Version of all relevant components (if applicable):
4.11

Comment 3 Raghavendra Talur 2022-06-24 03:15:39 UTC
The workaround is to 

stop the csi-rbdplugin-provisioner pod and csi-addons-controller-manager pod
delete the csiaddonnodes object
start csi-rbdplugin-provisioner pod and csi-addons-controller-manager pod

Comment 5 Niels de Vos 2022-06-24 11:22:57 UTC
How often does this happen? Does it happen consistently, or was this a one-time occurrence?

I guess we could investigate marking a node unavailable if there is some error, and retry on certain errors (resolve the node, and create a new connection).

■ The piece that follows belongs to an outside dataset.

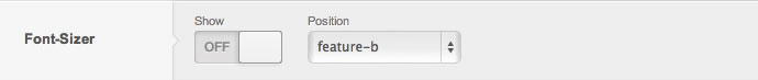 The Font Sizer feature controls the output of the front end font sizer controls allowing users to increase or decrease font size. From this option you can enable/disable the display of the front end font sizer controls, as well as select a location for the font sizer to display in using any of the available module positions in the template.

Comment 6 Mudit Agarwal 2022-07-05 14:24:42 UTC
Not a 4.11 blocker

Comment 7 Raghavendra Talur 2022-07-19 20:02:03 UTC
(In reply to Niels de Vos from comment #5)
> How often does this happen? Does it happen consistently, or was this a
> one-time occurrence?
> 
> I guess we could investigate marking a node unavailable if there is some
> error, and retry on certain errors (resolve the node, and create a new
> connection).

This was seen only once when this bug was filed, but in the past week, we seem to have hit this issue twice. Rakshith R had collected the required logs last time but I had not been able to reproduce it after that.


Attaching a must-gather for further debugging.

Comment 8 Annette Clewett 2022-07-19 20:06:34 UTC
rtalur attached must-gather.

Comment 9 Raghavendra Talur 2022-07-19 20:10:19 UTC
*** Bug 2106613 has been marked as a duplicate of this bug. ***

Comment 10 Annette Clewett 2022-07-19 20:12:43 UTC
rtalur ocs-must-gather link - https://drive.google.com/file/d/1dbKCFJdFctlJMFF0Hfnq4VXYfrD1sIXd/view?usp=sharing.

Comment 16 Niels de Vos 2022-07-27 11:27:39 UTC
A workaround has been posted for review in upstream at https://github.com/csi-addons/kubernetes-csi-addons/pull/186

We're still investigating a more appropriate solution.

Comment 17 Niels de Vos 2022-07-28 18:37:44 UTC
https://github.com/csi-addons/kubernetes-csi-addons/pull/190 is an alternative that does not delete and re-create the CSIAddonsNode CR.

I'd like to test the solution, but without steps to reproduce it is rather difficult :-/

Comment 26 Niels de Vos 2022-10-12 12:29:39 UTC
https://github.com/red-hat-storage/kubernetes-csi-addons/commit/a9febe2efde7a9426cb53f27a86efb3535913e34 is the backport that should prevent this issue from happening again. It was included in the release-4.12 branch with https://github.com/red-hat-storage/kubernetes-csi-addons/pull/54 .

Builds from the beginning of September have the fix already.